The daily financial burden that alcoholism imposes on a family can escalate to the point of not only debt, but financial ruin. The average amount that was spent on alcohol was about fifteen dollars a day. Multiply that by thirty days and it becomes 450 dollars a month, then multiply that by twelve months, and that’s 4500 dollars wasted. Money that could have been spent to pay bills, take the kids to do fun things, home upgrades, anything other than what it was spent on. When already living paycheck to paycheck and having to put necessary items on credit cards it was even harder to see the money wasted on the alcohol. Fights would break out almost daily, and the emotional and physical toll was too much for a marriage to bear. 
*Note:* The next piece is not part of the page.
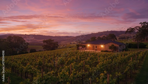Naklejka premium Sunrise illuminating a vineyard, showcasing the beauty of the landscape,...

Even though the fighting didn’t start until after the first year, the emotional and physical burdens changed us both. The trust that I had for my husband quickly deteriorated. I no longer had trust in his ability to watch the children and asking him to do simple tasks like going to the store or picking up the kids was out of the question. Functions with family or friends turned into me asking him not to drink, while also trying to control how much he was drinking. I went from being a wife to having more of a parental role, no longer wanting to be around my husband. My emotional and physical rejection of him, gave him more of a reason to drink. Soon it got to the point where he was drinking at all times of the day while hiding how much he was drinking. He lived in a constant state of being a functioning drunk. Soon, the amount of alcohol that he was drinking daily started to take a physical toll on his body and he no longer could function without it. His body started changing rapidly; he would drink rather than eat. His health started declining and after years of trying to change him and being ready to walk away, something in my husband changed. With him no longer wanting to be the person that he was, he took the steps to change himself and save our marriage. He attended his first AA meeting November, 2014, and even though he has now committed to being sober for five years, overcoming the damage that was done between us took years to fix.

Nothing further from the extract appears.